Export Development Canada (EDC) had a steady, reliable Kangaroo issuance cadence prior to COVID-19, issuing 1-3 times each year typically for A$200-500 million (US$132.3-330.9 million) each time. After its curve largely matured during the fallow years of the pandemic, EDC returned to Australian dollar issuance in 2023 and has now printed a trio of record-sized deals.

Like the Canadian provinces, EDC has experienced a step-change in the volume it can print in the Kangaroo market. After a nearly four-year absence, it returned in 2023 with a A$1 billion five-year offer that was a record volume for the issuer. Since then, it priced two more deals of equal size with tenor of 4-6 years.

“We want to show our commitment to the Australian dollar market and to liquidity,” comments Chadrick Buffel, EDC’s Ottawa-based assistant treasurer.

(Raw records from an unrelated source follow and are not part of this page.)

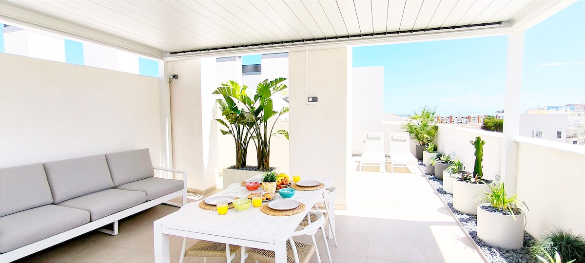 ¡Este espectacular ático es la mejor opción para tus próximas vacaciones en Dénia! Está ubicado muy cerca de la Playa de La Marineta Casiana, del Puerto Deportivo de Dénia y del centro de la ciudad. Tiene 2 habitaciones dobles, 2 baños completos, cocina y salón comedor. En la planta superior está su gran terraza con unas vistas increíbles al Montgó. Está equipada con mesa, sillas, zona chill-out, barbacoa, tumbonas y pérgola bioclimática para que puedas disfrutar de las comidas al aire libre.
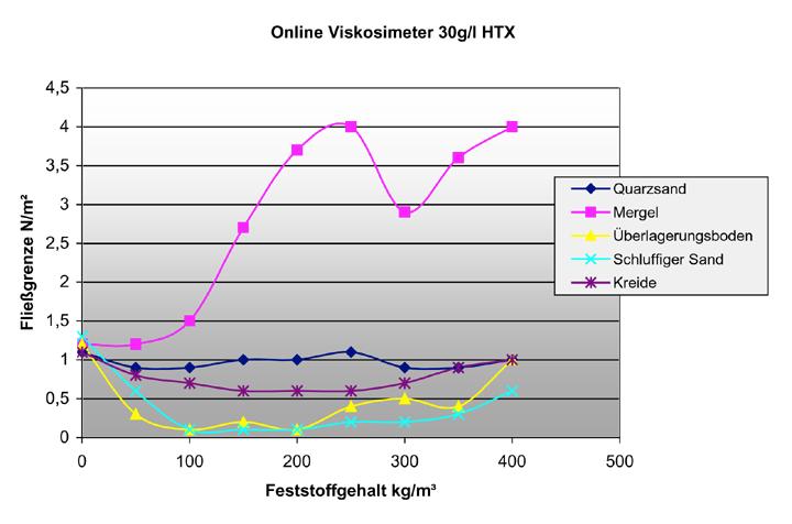 Die umfangeichen Laboruntersuchungen lieferten den Beweis, dass sich die mit dem DMT-Online-Viskosimeter online gemessenen Fließgrenzenkurven der unterschiedlichen Stützflüssigkeitsgemische in Abhängigkeit von Bentonitsorte, Bentonitkonzentration, Feststoffgehalt sowie Bodenart eindeutig reproduzieren lassen, d.h. jede Versuchssuspension wies eine für sie charakteristische Fließkurve auf, welche darüber hinaus mit den Fließgrenzenergebnissen der Kugelharfe korreliert.
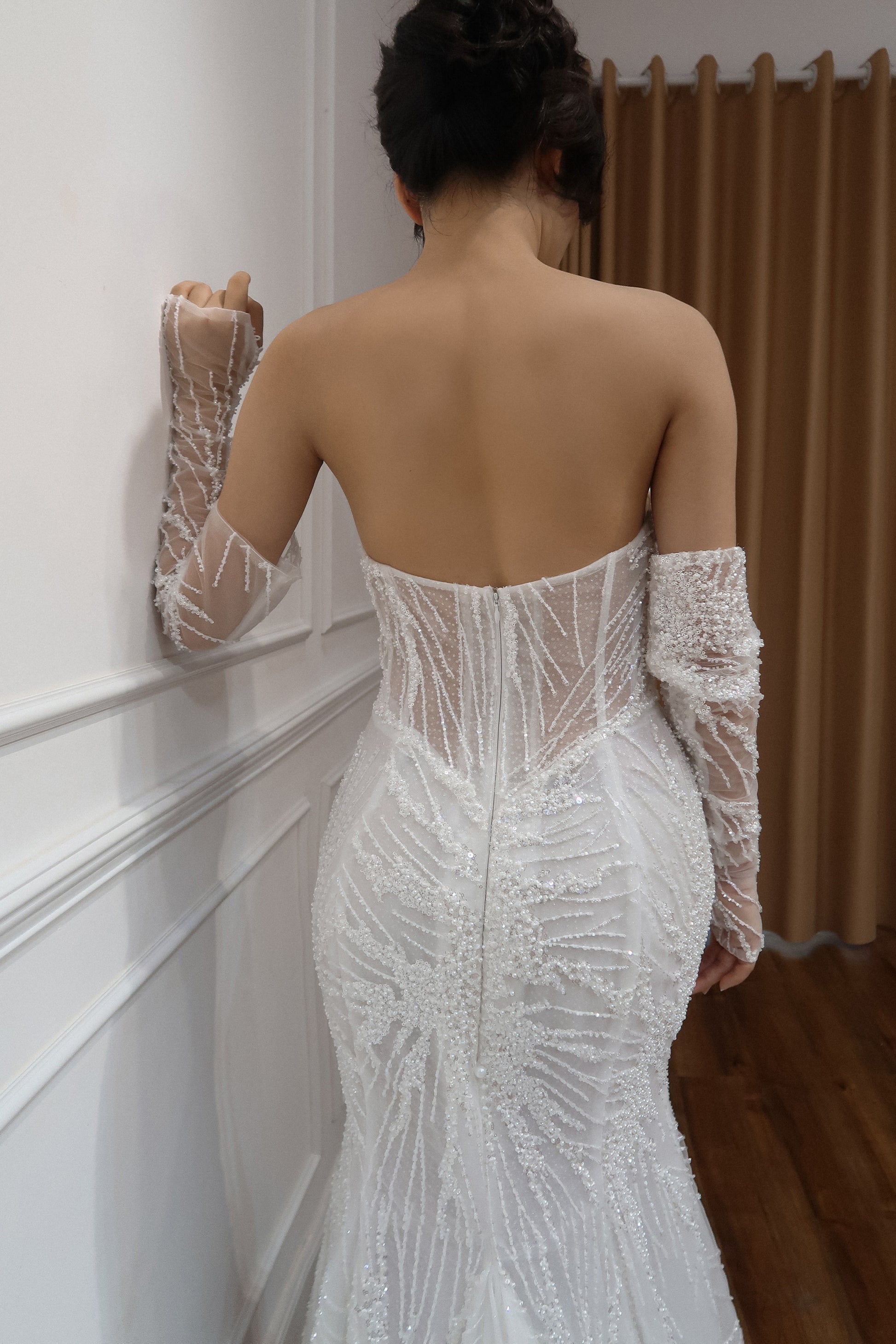 This elegant gown features a strapless sweetheart neckline with boning structure corset and detachable long sleeves for versatile styling.

The goal is to bring EDC’s credit curve back while providing Kangaroo investors an opportunity to access Canadian government risk and exposure.

EDC’s federal government ownership means it is the only avenue for investors to gain Canadian government exposure in Australian dollars. But this also means it prices tighter than the provinces, domestically and in international markets. EDC tends to mark itself closer to the likes of World Bank and KfW Bankengruppe.

Nevertheless, like the provinces, relative value has played an important role in attracting demand to EDC’s Australasian deals. Buffel tells KangaNews: “We offer a pickup from semi-government issuers while also being a high-quality asset. If we were pricing just like the Australian semi-governments, domestic investors would ignore us. Consequently, there will and must be a pickup for them. How big the pickup is varies depending on demand.”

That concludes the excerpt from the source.